Training is fair use
However, you will need to provide an option to opt out
The rationale for training AI models using publicly available internet material is long-standing and widely accepted and supported. This support comes from a wide range of academics, library associations, civil society groups, start-ups, leading U.S. companies, creators, authors, and more, all of whom agree that AI model training is considered fair use. In the European Union, Japan, Singapore, and Israel, there are also laws that allow models to be trained on copyrighted content. This is the advantage of AI innovation, advancement, and investment.
OpenAI says it's the first in the AI industry to offer an easy exit process, which The New York Times adopted in August 2023 to prevent OpenAI's tools from accessing their website.
"Retelling" is a rare mistake
OpenAI is working to reduce it to zero
"Paraphrasing" is a rare glitch in the AI training process. If a specific piece of content appears more than once in the training data, such as when the same piece of content is repeatedly retweeted by different websites, "retelling" by AI models is more common. As a result, OpenAI has taken some steps to prevent duplicate content in the model's output.
OpenAI also follows this principle when designing AI models that Xi concepts and then applying them to new problems, which they hope will absorb fresh information from around the world.

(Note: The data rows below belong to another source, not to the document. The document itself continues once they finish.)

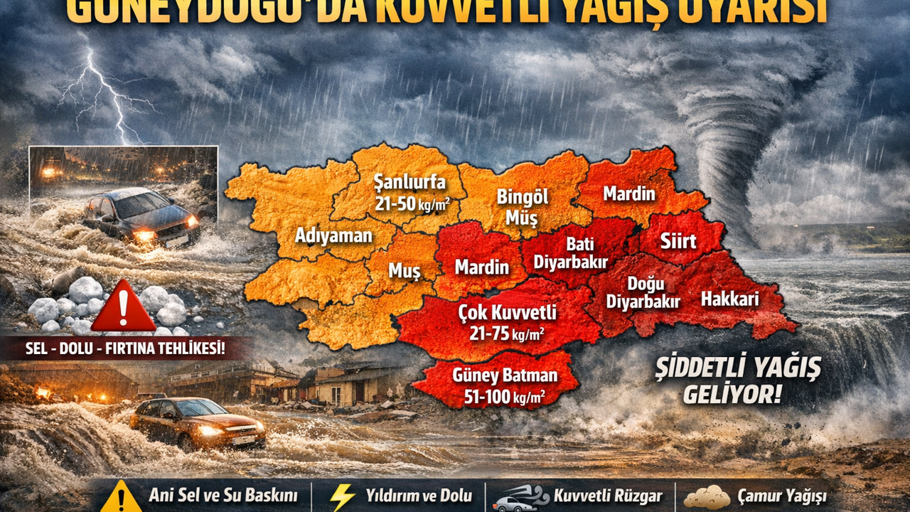 Yağışların özellikle Şanlıurfa, Adıyaman, Bingöl, Muş, Bitlis ve Hakkari çevrelerinde kuvvetli seviyede (21-50 kg/m²) olacağı tahmin edilirken, Malatya ve Elazığ’ın güney kesimleri de bu sistemden ciddi şekilde etkilenecek. Mardin genelinde ve Diyarbakır’ın batı bölgeleri ile Batman’ın güney kesimlerinde ise yağışların zaman zaman çok kuvvetli seviyeye (21-75 kg/m²) ulaşabileceği öngörülüyor.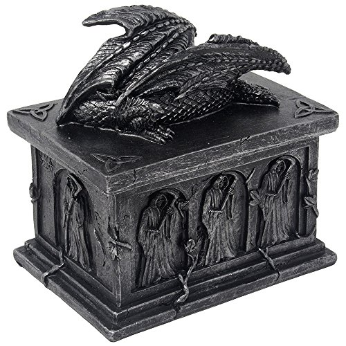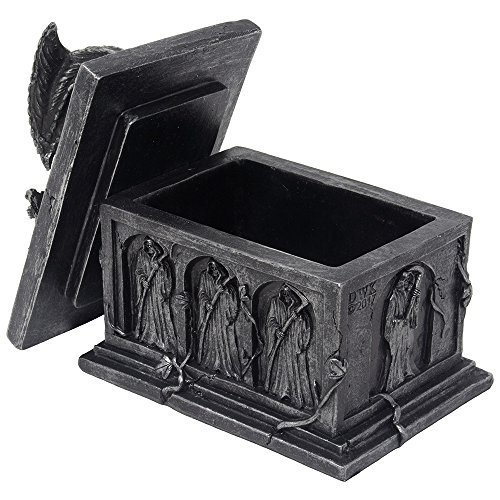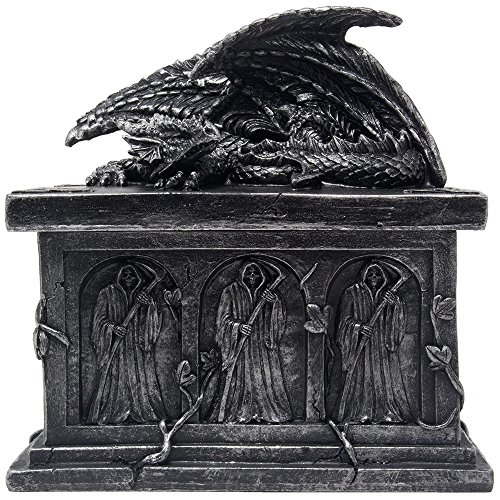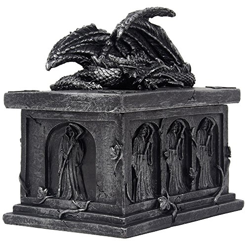 Mythical Guardian Dragon on Tomb Trinket Box in Metallic Look with Grim Reaper's Crypt and Hidden Storage Compartment for Decorative Gothic & Medieval Home Decor As Jewelry Boxes or Fantasy Gifts
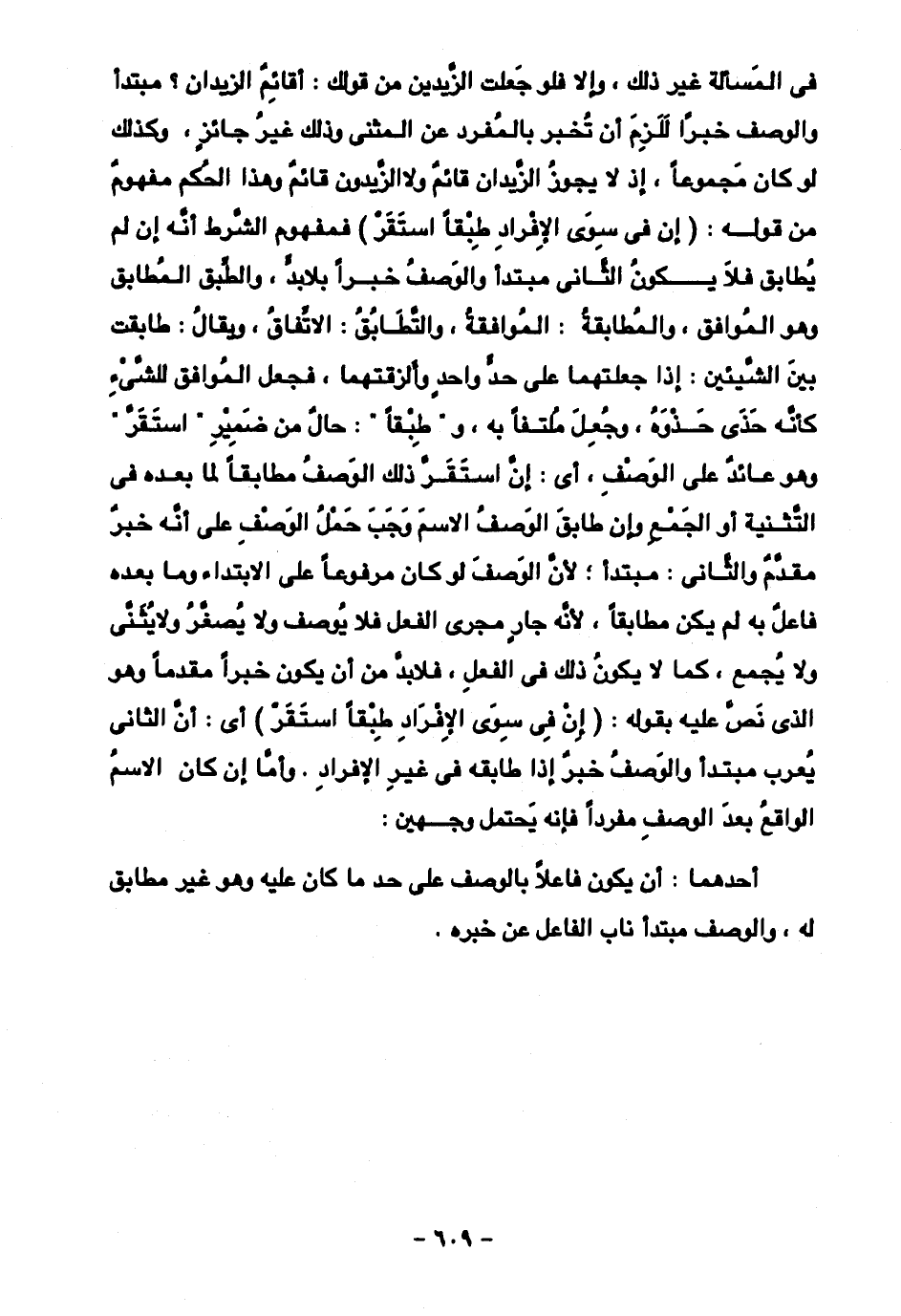في المسألة غير ذلك، وإلا فلو جعلت الزيدين من قولك: أقائم الزيدان؟ مبتدأ والوصف خبرا للزم أن تخبر بالمفرد عن المثنى وذلك غير جائز، وكذلك لو كان مجموعا، إذ لا يجوز الزيدان قائم ولا الزيدون قائم وهذا الحكم مفهوم من قوله: (إن في سوى الإفراد طبقا استقر) فمفهوم الشرط أنه إن لم يطابق فلا يكون الثاني مبتدأ والوصف خبرا بلابد، والطبق المطابق وهو الموافق، والمطابقة: الموافقة، والتطابق: الاتفاق، ويقال: طابقت بين الشيئين: إذا جعلتهما على حد واحد وألزقتهما، فجعل الموافق للشيء كأنه حذى حذوه، وجعل ملتفا به، و"طبقا": حال من ضمير "استقر" وهو عائد على الوصف، أي: إن استقر ذلك الوصف مطابقا لما بعده في التثنية أو الجمع وإن طابق الوصف الاسم وجب حمل الوصف على أنه خبر مقدم والثاني: مبتدأ؛ لأن الوصف لو كان مرفوعا على الابتداء وما بعده فاعل به لم يكن مطابقا، لأنه جار مجرى الفعل فلا يوصف ولا يصغر ولا يثنى ولا يجمع، كما لا يكون ذلك في الفعل، فلابد من أن يكون خبرا مقدما وهو الذي نص عليه بقوله: (إن في سوى الإفراد طبقا استقر) أي: أن الثاني يعرب مبتدأ والوصف خبر إذا طابقه في غير الإفراد. وأما إن كان الاسم الواقع بعد الوصف مفردا فإنه يحتمل وجهين:

Since the model's "Xi learning data" is a collection of all human knowledge, training data from journalism is only the tip of the iceberg, and any single data source, including the New York Times, has no meaning for the model's learning Xi behavior.
The New York Times narrative is incomplete
On December 19 of last year, OpenAI and The New York Times had smooth negotiations to reach a partnership. The focus of the negotiations is that ChatGPT will display the citation sources in real-time in the answers, and the New York Times will connect with new readers in this way. At the time, OpenAI had already explained to the New York Times that their content did not contribute substantially to the training of existing models and would not involve future model training.

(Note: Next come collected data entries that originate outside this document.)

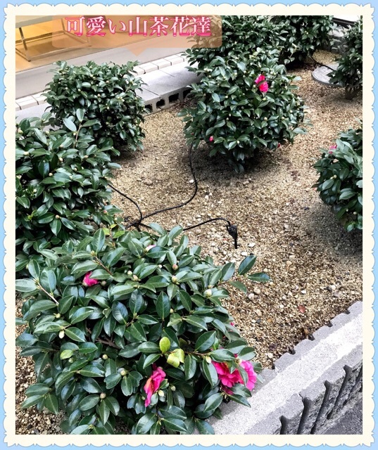 二枚目の写真は、こじんまりした山茶花の植え込みです。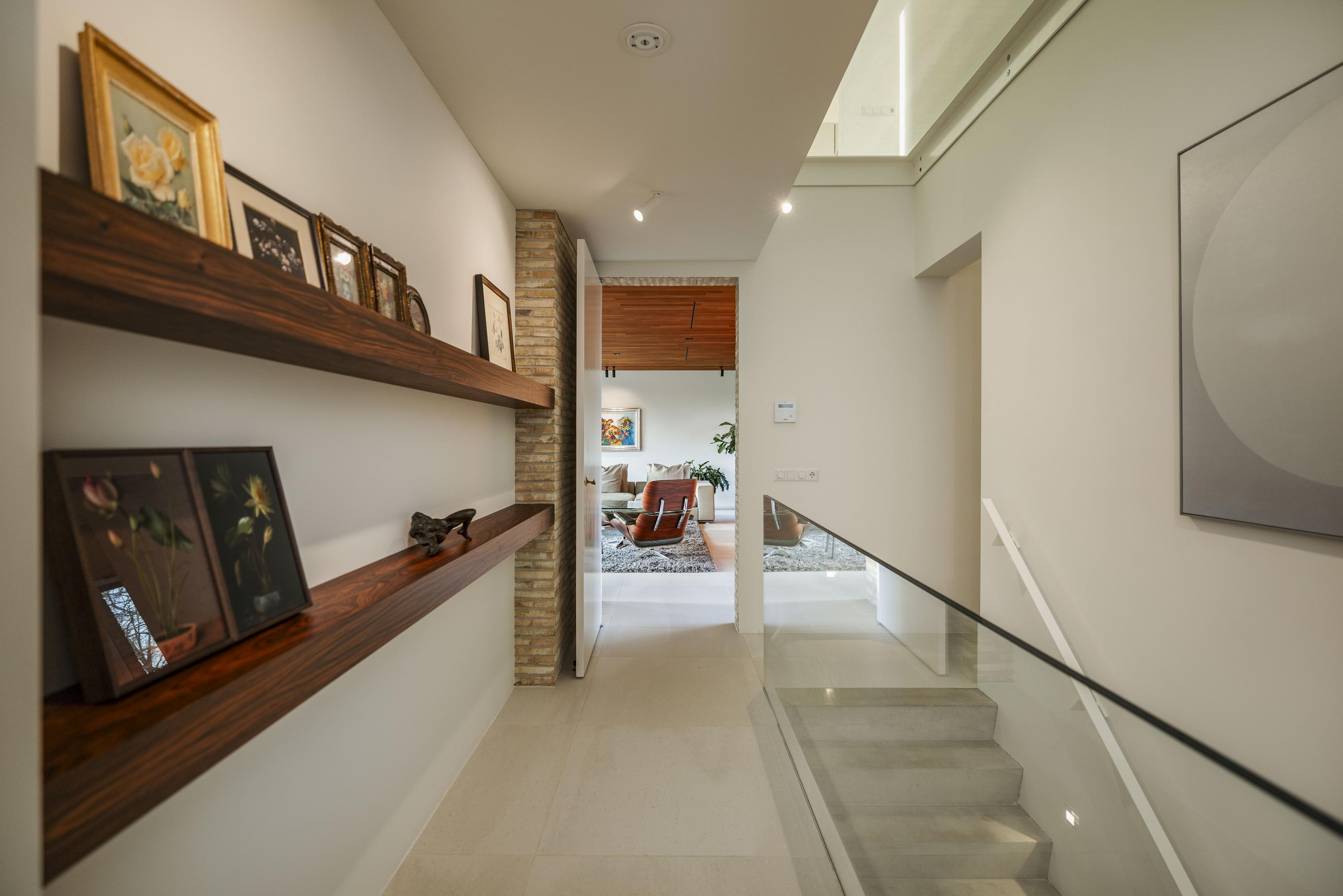 El salón principal, de 74 m², dispone de dos áreas de estar definidas, mobiliario a medida y vistas panorámicas. En la planta superior, cuatro dormitorios amplios y dos baños se complementan con una suite principal que incluye ventanas a dos orientaciones y un baño de gran elegancia. El sótano amplía la zona habitable e incorpora estudio o gimnasio, dormitorio de invitados con baño en suite y robustos acabados en hormigón con luz natural. El confort se garantiza en toda la vivienda gracias a la calefacción por suelo radiante, una bomba de calor geotérmica y 30 paneles solares, alcanzando la clase energética A++.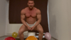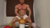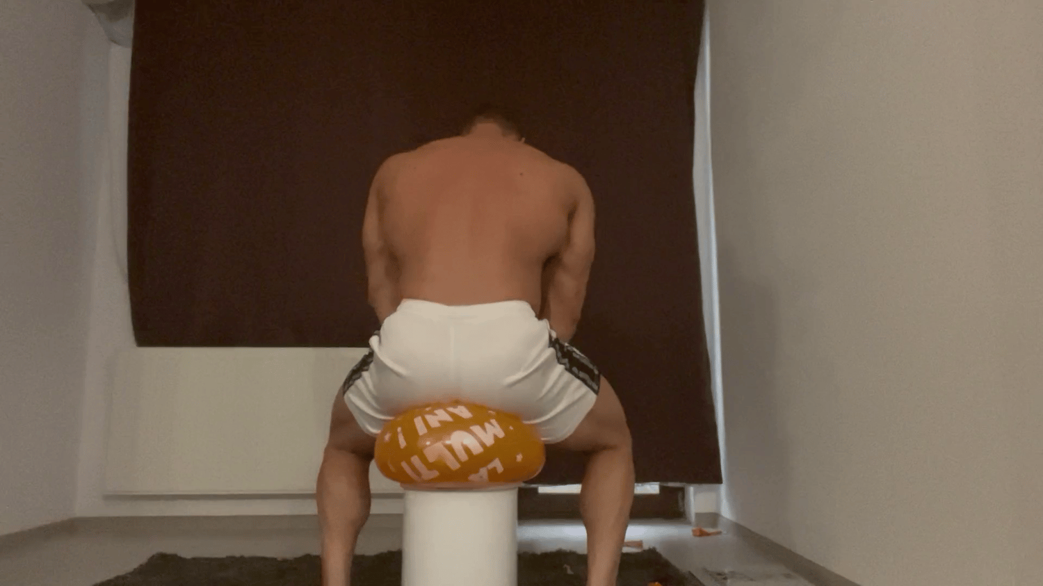 Muscular god Walter sits on some balloons while wearing white shorts.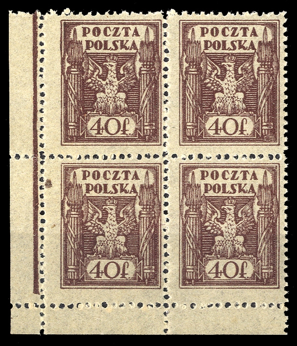 1922, 40 F. Freimarke Wappenadler als postfrischer Eckrand 4-er Block l.u.

The New York Times declined to share any examples of GPT "allegedly plagiarizing" its stories with OpenAI. In July, OpenAI had already offered good faith in resolving the issue, and they immediately removed the content after learning that ChatGPT might accidentally copy content on a live web page.

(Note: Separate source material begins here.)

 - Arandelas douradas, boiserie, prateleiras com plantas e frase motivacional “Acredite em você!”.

However, the "plagiarism" provided by the New York Times seems to be articles from many years ago. These articles have been widely reposted and disseminated on several third-party websites. OpenAI believes that the New York Times may have deliberately manipulated the prompt words by typing in large excerpts from "plagiarized" articles to induce the AI to respond with a high degree of repetition of the original text. Even with such prompts, OpenAI's models don't typically have such a high rate of repetition in appeals. As a result, OpenAI speculates that The New York Times either manipulated the prompt words or carefully selected "examples" through trial and error.
This repeated multiple rounds of dialogue is a violation of the terms of use. OpenAI is constantly improving the resilience of the system to resist malicious attacks on ruminating training data, and has made great progress recently.
OpenAI concluded its blog by saying that the New York Times lawsuit is baseless. They still want to have a constructive partnership with The New York Times and respect its long history.
The outcome of this debate will be crucial for the future of AI. It can hinder the training of AI models, or it can explore new ways for AI to evolve with enterprises. What do you think about this matter, please leave a message in the comment area to discuss.